SOURCE MATERIAL Block Start
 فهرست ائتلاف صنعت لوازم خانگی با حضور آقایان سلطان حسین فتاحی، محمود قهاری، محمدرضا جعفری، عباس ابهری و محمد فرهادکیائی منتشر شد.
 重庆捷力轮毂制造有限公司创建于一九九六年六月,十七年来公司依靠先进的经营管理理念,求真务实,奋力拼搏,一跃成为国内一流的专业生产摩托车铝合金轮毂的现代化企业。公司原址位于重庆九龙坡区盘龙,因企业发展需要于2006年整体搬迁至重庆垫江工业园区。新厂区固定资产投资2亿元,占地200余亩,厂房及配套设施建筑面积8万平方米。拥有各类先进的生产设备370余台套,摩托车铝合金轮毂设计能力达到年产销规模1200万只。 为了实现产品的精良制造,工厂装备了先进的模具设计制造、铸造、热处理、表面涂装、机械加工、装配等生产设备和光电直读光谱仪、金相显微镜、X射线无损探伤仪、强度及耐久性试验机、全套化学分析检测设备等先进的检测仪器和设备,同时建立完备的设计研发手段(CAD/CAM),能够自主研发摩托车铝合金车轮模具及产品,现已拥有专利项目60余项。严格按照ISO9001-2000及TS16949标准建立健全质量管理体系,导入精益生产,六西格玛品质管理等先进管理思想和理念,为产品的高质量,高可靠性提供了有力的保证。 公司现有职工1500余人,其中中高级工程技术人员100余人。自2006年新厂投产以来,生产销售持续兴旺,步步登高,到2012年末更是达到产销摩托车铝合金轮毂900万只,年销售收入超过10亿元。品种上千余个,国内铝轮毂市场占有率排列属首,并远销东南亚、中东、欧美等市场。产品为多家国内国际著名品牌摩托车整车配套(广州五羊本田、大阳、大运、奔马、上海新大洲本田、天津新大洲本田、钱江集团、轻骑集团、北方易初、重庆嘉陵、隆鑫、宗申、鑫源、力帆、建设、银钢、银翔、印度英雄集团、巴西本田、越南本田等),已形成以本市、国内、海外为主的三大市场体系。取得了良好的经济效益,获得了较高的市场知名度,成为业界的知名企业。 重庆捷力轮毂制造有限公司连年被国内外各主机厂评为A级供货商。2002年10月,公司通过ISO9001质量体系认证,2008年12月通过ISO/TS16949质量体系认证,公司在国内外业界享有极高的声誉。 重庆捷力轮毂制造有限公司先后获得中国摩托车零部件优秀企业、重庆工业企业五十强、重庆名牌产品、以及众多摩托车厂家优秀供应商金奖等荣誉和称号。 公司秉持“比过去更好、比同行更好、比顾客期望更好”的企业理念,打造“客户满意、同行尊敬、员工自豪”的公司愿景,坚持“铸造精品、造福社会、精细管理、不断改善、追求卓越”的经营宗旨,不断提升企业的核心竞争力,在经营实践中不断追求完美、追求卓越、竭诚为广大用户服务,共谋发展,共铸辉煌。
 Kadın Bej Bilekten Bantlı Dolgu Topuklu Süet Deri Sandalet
SOURCE MATERIAL Block End
### TASK OBJECTIVE
Restate the listing above in full, exactly.

### REPLY TO THE TASK
 فهرست ائتلاف صنعت لوازم خانگی با حضور آقایان سلطان حسین فتاحی، محمود قهاری، محمدرضا جعفری، عباس ابهری و محمد فرهادکیائی منتشر شد.
 重庆捷力轮毂制造有限公司创建于一九九六年六月,十七年来公司依靠先进的经营管理理念,求真务实,奋力拼搏,一跃成为国内一流的专业生产摩托车铝合金轮毂的现代化企业。公司原址位于重庆九龙坡区盘龙,因企业发展需要于2006年整体搬迁至重庆垫江工业园区。新厂区固定资产投资2亿元,占地200余亩,厂房及配套设施建筑面积8万平方米。拥有各类先进的生产设备370余台套,摩托车铝合金轮毂设计能力达到年产销规模1200万只。 为了实现产品的精良制造,工厂装备了先进的模具设计制造、铸造、热处理、表面涂装、机械加工、装配等生产设备和光电直读光谱仪、金相显微镜、X射线无损探伤仪、强度及耐久性试验机、全套化学分析检测设备等先进的检测仪器和设备,同时建立完备的设计研发手段(CAD/CAM),能够自主研发摩托车铝合金车轮模具及产品,现已拥有专利项目60余项。严格按照ISO9001-2000及TS16949标准建立健全质量管理体系,导入精益生产,六西格玛品质管理等先进管理思想和理念,为产品的高质量,高可靠性提供了有力的保证。 公司现有职工1500余人,其中中高级工程技术人员100余人。自2006年新厂投产以来,生产销售持续兴旺,步步登高,到2012年末更是达到产销摩托车铝合金轮毂900万只,年销售收入超过10亿元。品种上千余个,国内铝轮毂市场占有率排列属首,并远销东南亚、中东、欧美等市场。产品为多家国内国际著名品牌摩托车整车配套(广州五羊本田、大阳、大运、奔马、上海新大洲本田、天津新大洲本田、钱江集团、轻骑集团、北方易初、重庆嘉陵、隆鑫、宗申、鑫源、力帆、建设、银钢、银翔、印度英雄集团、巴西本田、越南本田等),已形成以本市、国内、海外为主的三大市场体系。取得了良好的经济效益,获得了较高的市场知名度,成为业界的知名企业。 重庆捷力轮毂制造有限公司连年被国内外各主机厂评为A级供货商。2002年10月,公司通过ISO9001质量体系认证,2008年12月通过ISO/TS16949质量体系认证,公司在国内外业界享有极高的声誉。 重庆捷力轮毂制造有限公司先后获得中国摩托车零部件优秀企业、重庆工业企业五十强、重庆名牌产品、以及众多摩托车厂家优秀供应商金奖等荣誉和称号。 公司秉持“比过去更好、比同行更好、比顾客期望更好”的企业理念,打造“客户满意、同行尊敬、员工自豪”的公司愿景,坚持“铸造精品、造福社会、精细管理、不断改善、追求卓越”的经营宗旨,不断提升企业的核心竞争力,在经营实践中不断追求完美、追求卓越、竭诚为广大用户服务,共谋发展,共铸辉煌。
 Kadın Bej Bilekten Bantlı Dolgu Topuklu Süet Deri Sandalet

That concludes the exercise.